* _MATERIALS PROVIDED_:
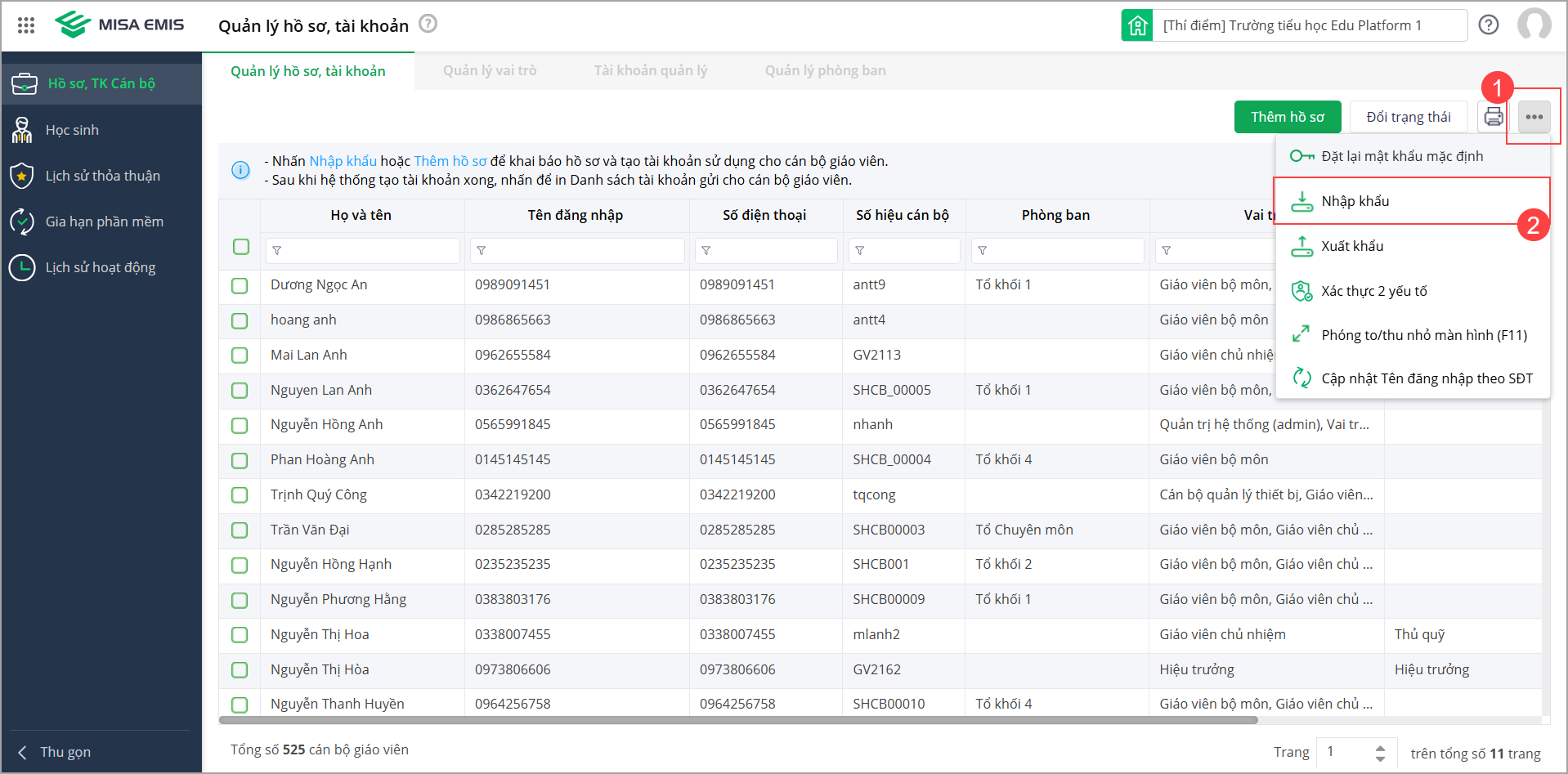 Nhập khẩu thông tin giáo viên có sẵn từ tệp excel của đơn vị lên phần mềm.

==

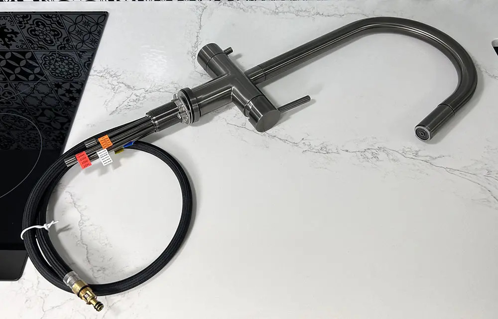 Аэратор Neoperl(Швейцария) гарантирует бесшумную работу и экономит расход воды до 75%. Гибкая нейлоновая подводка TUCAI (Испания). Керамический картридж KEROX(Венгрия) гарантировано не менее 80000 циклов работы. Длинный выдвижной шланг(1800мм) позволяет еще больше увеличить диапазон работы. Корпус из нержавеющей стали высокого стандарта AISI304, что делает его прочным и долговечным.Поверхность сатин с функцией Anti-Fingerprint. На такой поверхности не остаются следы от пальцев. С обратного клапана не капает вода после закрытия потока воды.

...

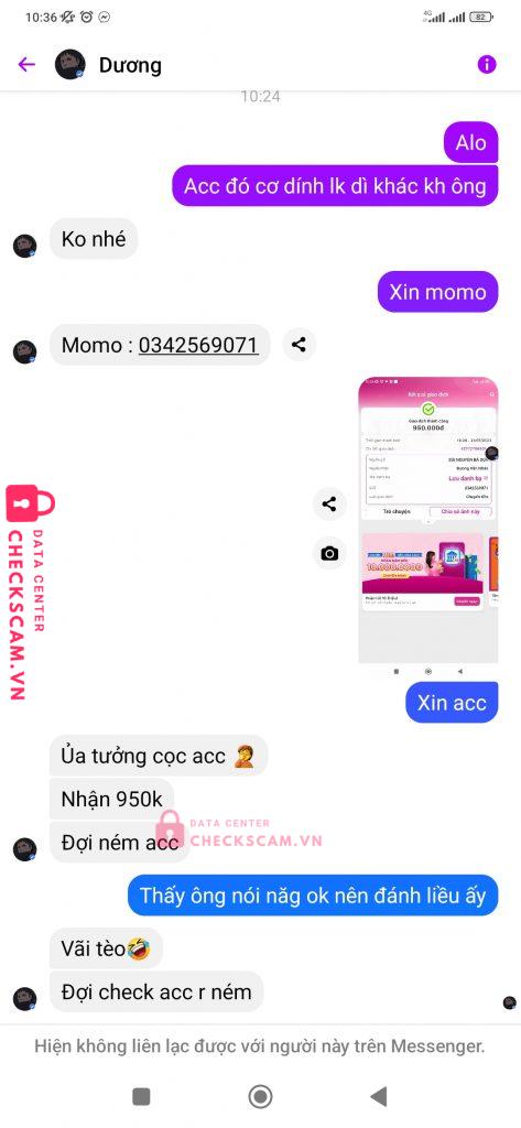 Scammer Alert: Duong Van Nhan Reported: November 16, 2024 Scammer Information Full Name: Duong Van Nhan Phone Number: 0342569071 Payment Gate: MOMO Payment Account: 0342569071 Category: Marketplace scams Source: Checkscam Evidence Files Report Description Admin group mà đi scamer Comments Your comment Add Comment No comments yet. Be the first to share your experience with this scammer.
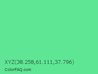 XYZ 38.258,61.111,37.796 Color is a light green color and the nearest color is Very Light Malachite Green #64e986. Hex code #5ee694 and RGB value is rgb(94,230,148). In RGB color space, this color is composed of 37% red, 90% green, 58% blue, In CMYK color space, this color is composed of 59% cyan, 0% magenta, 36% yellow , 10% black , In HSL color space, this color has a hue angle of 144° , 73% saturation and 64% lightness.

* _HOW TO COMPLETE THIS TASK_: Only one stretch of the entries above is needed: the lines from the one containing "Scammer Alert: Duong" through the one containing "XYZ 38.258,61.111,37.796 Color". Copy it exactly, without the pictures.

* _RESULT OF THE TASK_:
 Scammer Alert: Duong Van Nhan Reported: November 16, 2024 Scammer Information Full Name: Duong Van Nhan Phone Number: 0342569071 Payment Gate: MOMO Payment Account: 0342569071 Category: Marketplace scams Source: Checkscam Evidence Files Report Description Admin group mà đi scamer Comments Your comment Add Comment No comments yet. Be the first to share your experience with this scammer.
 XYZ 38.258,61.111,37.796 Color is a light green color and the nearest color is Very Light Malachite Green #64e986. Hex code #5ee694 and RGB value is rgb(94,230,148). In RGB color space, this color is composed of 37% red, 90% green, 58% blue, In CMYK color space, this color is composed of 59% cyan, 0% magenta, 36% yellow , 10% black , In HSL color space, this color has a hue angle of 144° , 73% saturation and 64% lightness.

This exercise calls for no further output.